* **PROMPT**: Your task is to return, word for word, only the lines from the line with "Exam Duty |" through the close of the data. Exclude all pictures.

━━━━

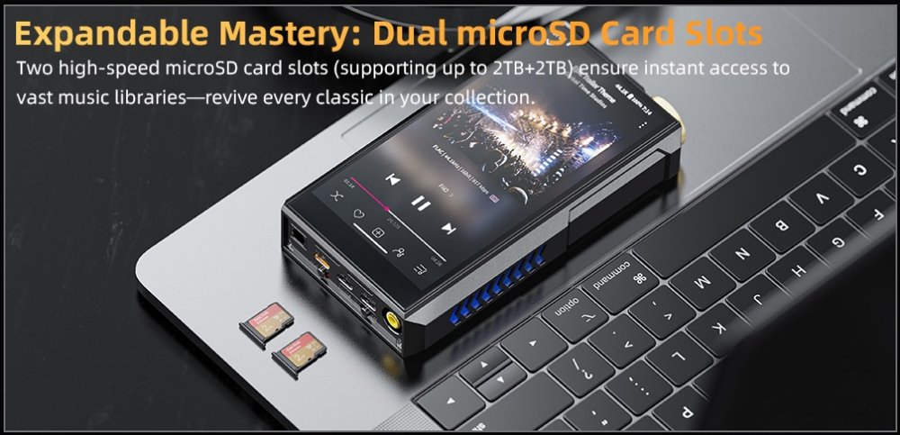 Most of today's music players are equipped with a single microSD card slot. The FiiO M27 packs in two slots, with each slot supporting microSD cards up to 2TB. Additionally, FiiO also have 256GB internal storage. Even if you plan to carry thousands of high-resolution audio tracks, M27 will always have enough room for you. (MicroSD cards not included).
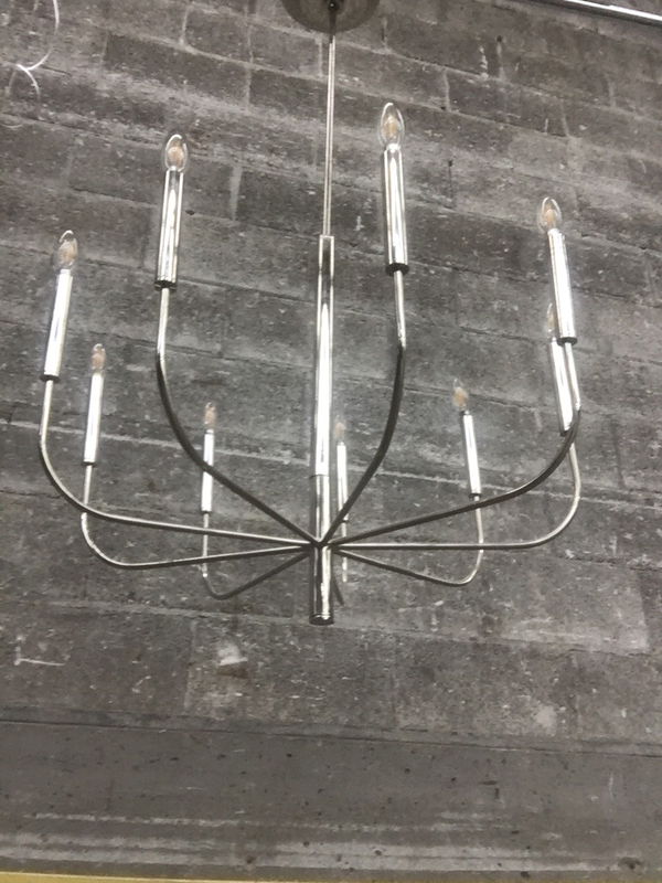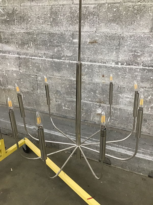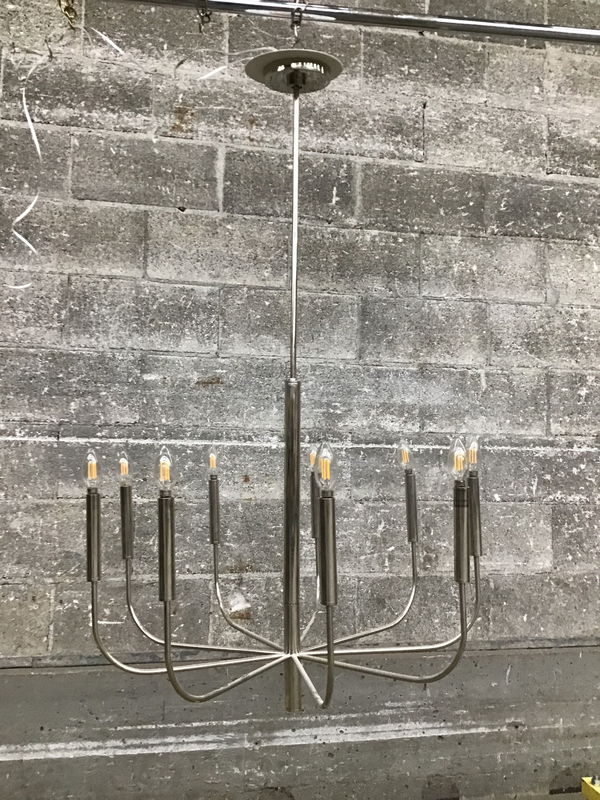 Ca. 2020 Visual Comfort "Brianna" nine arm chandelier that's got a polished nickel finish and suitable for damp locations. Still available at Ferguson, HD, or numerous other online retailers for $999. Dimensions are approximate.
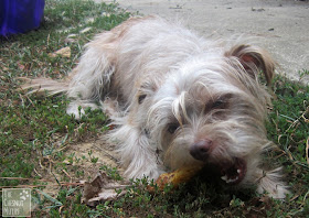 Dibble really liked his Woolly Bully and even showed me his signature "no hands" treat eating technique! This really scrubs those back teefies and helps remove plaque.
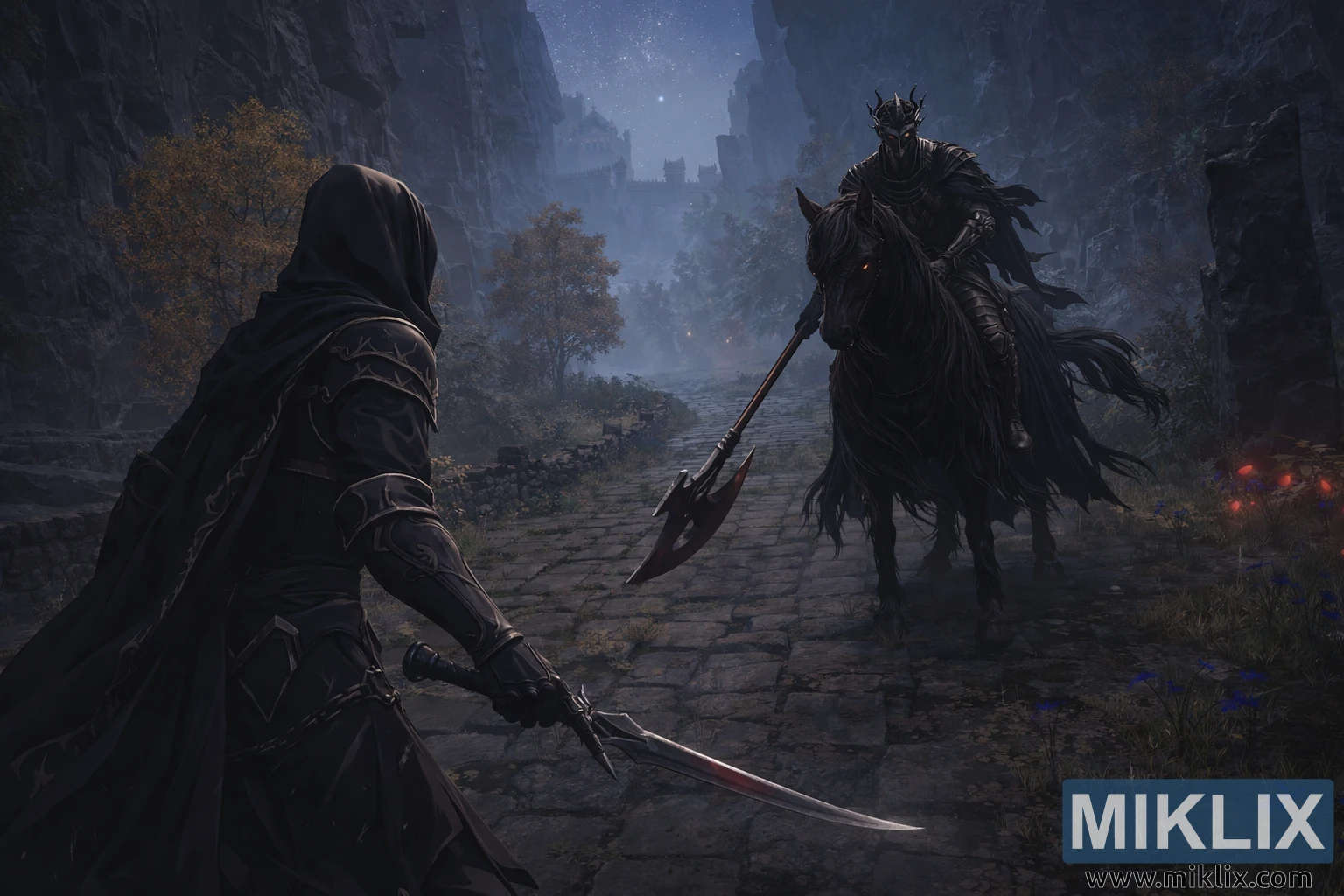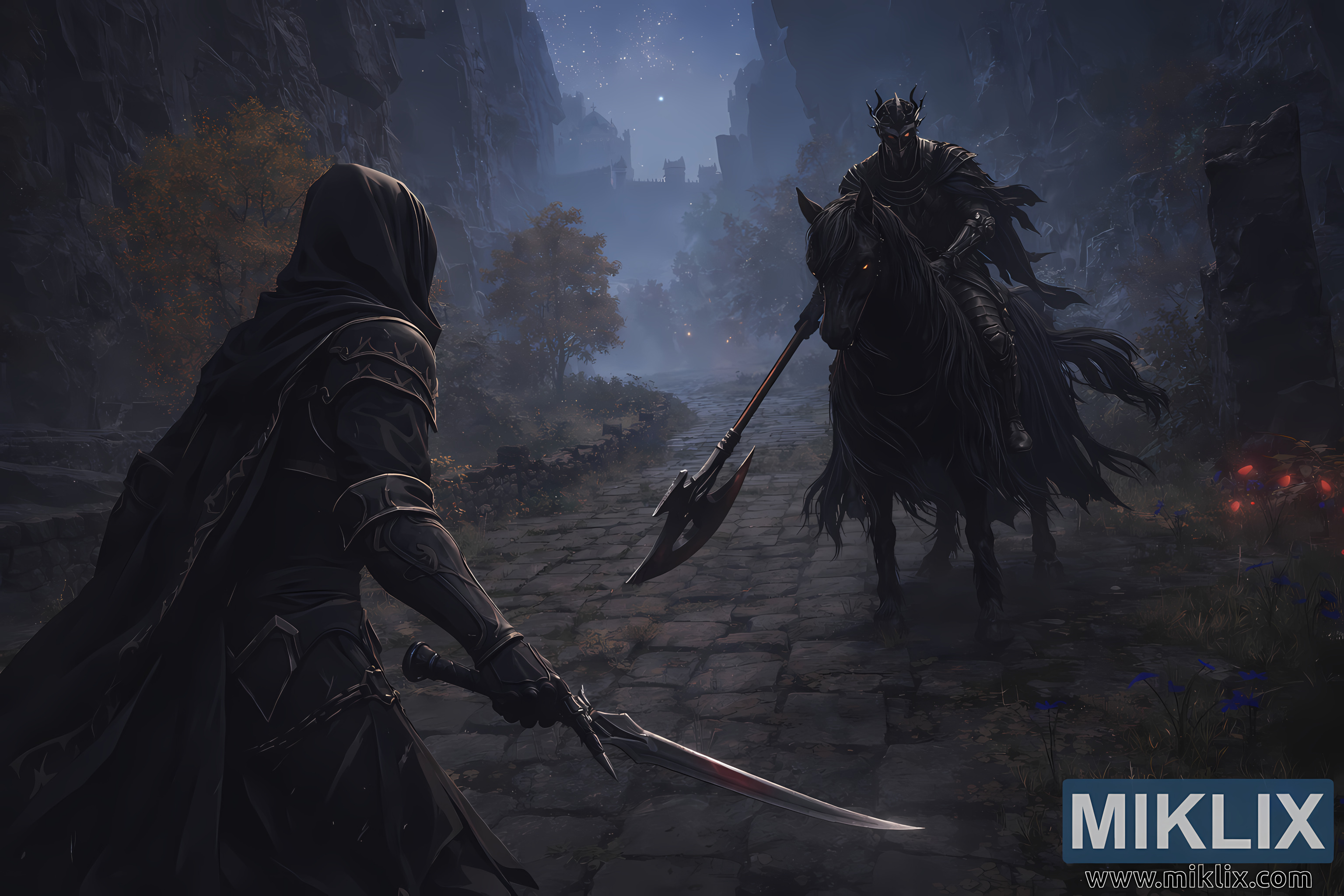 A composição centra-se no espaço vazio entre as duas figuras, transformando a própria estrada num campo de batalha simbólico. Nenhuma das personagens se comprometeu ainda com o primeiro golpe, e o momento parece suspenso no tempo. A iluminação subtil contrasta com a luz fria azul da lua com tons mais quentes e terrosos da folhagem e pedra circundantes, guiando o olhar do espectador para o inevitável confronto. No geral, a imagem transmite uma poderosa sensação de medo, determinação e intensidade silenciosa, captando a icónica atmosfera de Elden Ring no exato instante antes do início do combate.
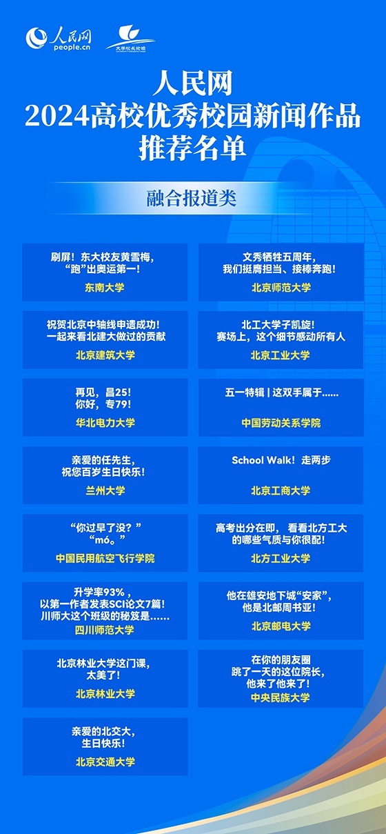 自2018年以來,人民網(wǎng)已連續(xù)七年開展優(yōu)秀校園新聞作品推選活動,并依托人民網(wǎng)大學校長論壇公開發(fā)布。推薦活動旨在展示高校新聞戰(zhàn)線年度優(yōu)秀成果,發(fā)揮優(yōu)秀新聞作品的示范和教育作用,鼓勵校園媒體弘揚主旋律,傳播正能量。
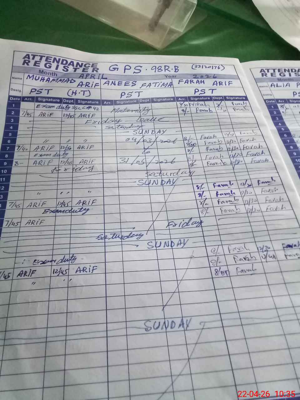 | 33**** | Mu**** Ar**** | PST Arts | Regular | 0 | 0 | 0 | 0 | 0 | 0 | 0 | 0 | 0 | Exam Duty |
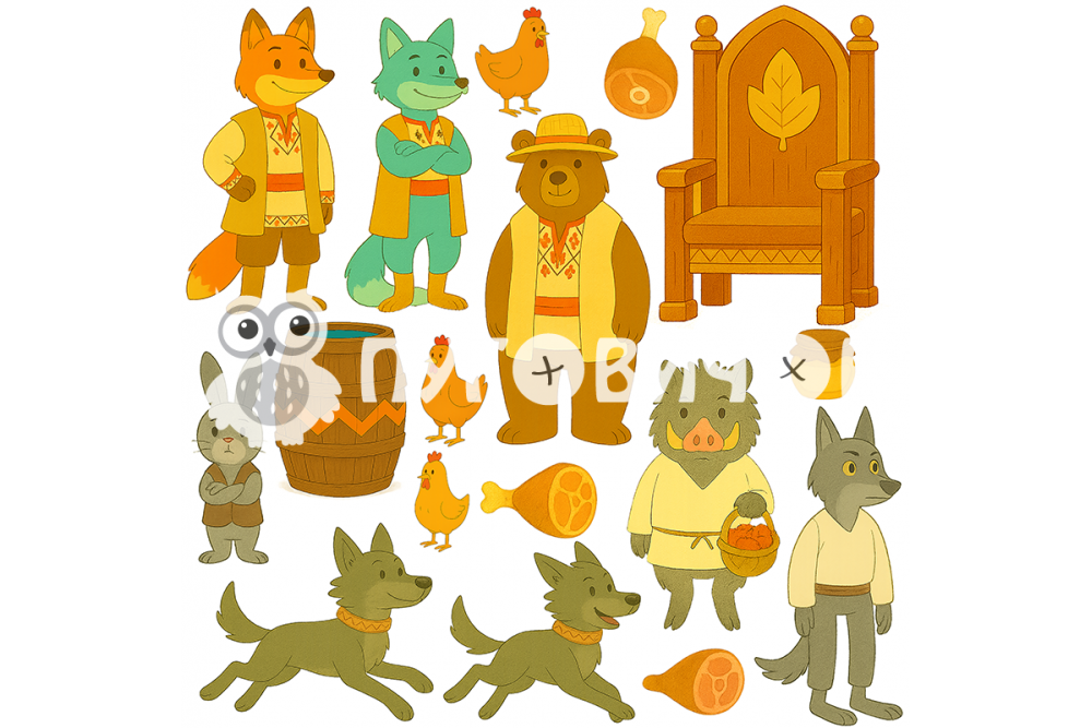 Усі персонажі намальовані дитячим художником, з урахуванням особливостей сприймання малюнка дитиною та національної традції у костюмах персонажів.

━━━━

* **EXERCISE RESULT**:
 | 33**** | Mu**** Ar**** | PST Arts | Regular | 0 | 0 | 0 | 0 | 0 | 0 | 0 | 0 | 0 | Exam Duty |
 Усі персонажі намальовані дитячим художником, з урахуванням особливостей сприймання малюнка дитиною та національної традції у костюмах персонажів.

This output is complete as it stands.